Wednesday, June 23, 1999
Smog can induce asthma problems
Ozone warning continues today
BY BEN L. KAUFMAN
The Cincinnati Enquirer
Tristate smog can spring nasty surprises on athletes who believe they are healthy and don't know they are borderline asthmatics.
If breath-taking ozone is bad enough and athletes push themselves, it can trigger exercise-induced asthma at any age, pulmonary specialist Dr. Steven Liggett of University Hospital said during Tuesday's smog alert.
Frightening as that can be, he continued, there are effective treatments.
The eight-hour average smog reading taken at 8 p.m. Tuesday was 97 parts per billion (ppb), which is considered unhealthy for sensitive groups, including children with asthma, the elderly and those with respiratory problems. A reading below 85 ppb is considered moderate, and 124 ppb or more is considered unhealthy for anyone.
Harry St. Clair, air quality monitoring supervisor for Hamilton County's Department of Environmental Services, said the smog alert would continue through today.
The National Weather Service forecasts mostly sunny weather today, with a high in the upper 80s. Scattered showers and thunderstorms should arrive tonight and bring a 30 percent chance of rain tonight through Friday.
Mr. St. Clair said air quality would improve if it rained.
Even healthy athletes who have no genetic predisposition to asthma come into his office, complaining of shortness of breath as their bodies work overtime to draw vital oxygen from smoggy air, Dr. Liggett said.
Typically, he added, those runners, cyclists and soccer players have moved here from comparatively smog-free communities and being breathless is an unexpected cost of relocation.

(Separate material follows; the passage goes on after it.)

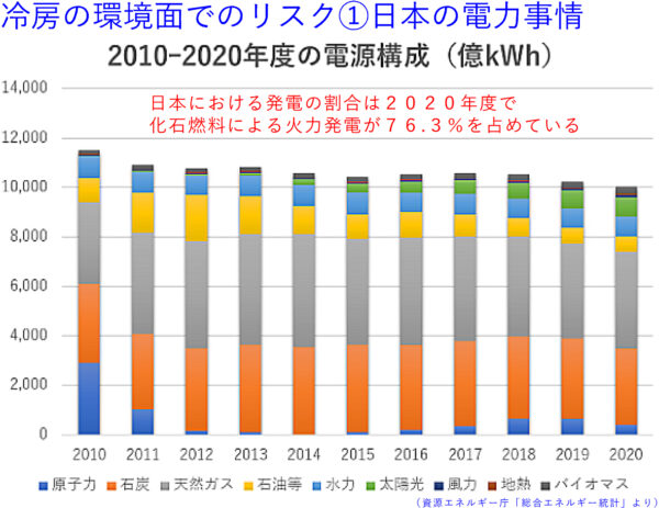 冷房の普及が進み、使用頻度が高まるということは、消費電力量が増えるということであり、結果として二酸化炭素の排出量が増えるということとなり、温暖化を助長するということになるのです。

Ozone-irritated noses and throats drive athletes into his office every summer, said Dr. Sidney Peerless, an ear-nose- and-throat specialist in Kenwood.
If they play hard enough, he said, ozone deprives them of a certain amount of oxygen and causes deficiencies in their overall performance.
On the other hand, most healthy athletes should worry more about heat than ozone on smoggy days, said sports medicine specialist Dr. Howard Schertzinger Jr., who practices in Bevis.
Physician to teams at Xavier University and Mount St. Joseph and Wilmington colleges, Dr. Schertzinger said trainers and coaches are familiar with heat intolerance and increasingly sensitive to smog-provoked allergic reactions or asthma during intense workouts or competition.